I felt stunned. With those few words, he had completely undone my view of the universe—and of my place within it. No wonder Ilerium now seemed a distant, fading memory. None of it mattered. None of it had ever mattered.
And yet… every fiber of my body told it had mattered. I had loved Helda. I had given my heart and soul to serving King Elnar and Ilerium. It had been my whole life… my whole reason for existing. It had been real… at least to me.
Now, suddenly, Dworkin reduced all I had ever known to a single mote of dust floating in a great ocean of a universe, a place so vastly, unimaginably huge that I could only just begin to take it in.

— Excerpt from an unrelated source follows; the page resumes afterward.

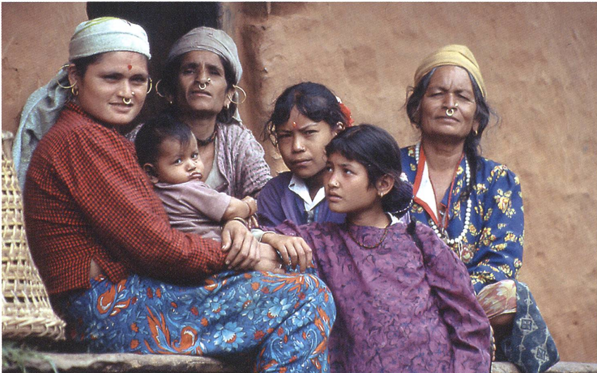
Foto 1: Frauen und Kinder in einem Dorf in Far West Nepal

Die Sozialbeziehungen einer Gemeinschaft definierte er als «natürlich», basierend auf Verwandtschaft oder räumlicher Nähe (Dorfgemeinschaft). In Kontrast zu dieser vorindustriellen, auf Vertrauen basierenden Sozialbeziehung setzte Tönnies die rationale, durch Nützlichkeitsabwägungen bestimmte moderne (kapitalistische) Industriegesellschaft. Ähnlich wie Max Weber, beschrieb Tönnies den sozialen Wandel in der Moderne als einen Individualisierungs- und Rationalisierungsprozess, unter dessen Bedingungen es keine «echten» Gemeinschaften mehr gäbe.

“But it felt so real!” I whispered.
“The Shadows are real. People live and breed in them, build cities and empires, work and love and fight and die, all the while never knowing anything of the greater universe that lies beyond.”
“And the Logrus? Is that what controls it?”
“No. The Logrus is—” he hesitated, as if searching for the words to describe the indescribable. “It is a key to finding your way amongst all the Shadow worlds. It is like a maze. By traversing its length, from start to finish, someone born of Chaos may have the Logrus imprinted on his mind forever. It frees your perceptions, allows you to control your movements. You can pass freely through the Shadows and find your path among them.”
Freda’s words on the journey in the carriage came back to me. “That’s what you did on the way here.”
“Yes. We traveled through many Shadows. We took an indirect route.”
“When can I go through this Logrus?”
“Soon. The Logrus is difficult and dangerous. It is not something to undertake lightly, and you must prepare for it. And, afterwards, it leaves you disoriented… sick for a time.” He hesitated. “Besides the ability to travel through Shadows, it confers other powers, too.”
Other powers? That caught my attention.
“Like what?” I asked cautiously.
“This.” Dworkin reached into the air and suddenly plucked a sword from nothingness.
I gaped at him. “How—”
“I had it in my bedchamber. I knew where I left it, and I used the Logrus to reach for it… to bridge the distance between my hand and where it lay. A kind of mental shortcut, if you will, between here and there.”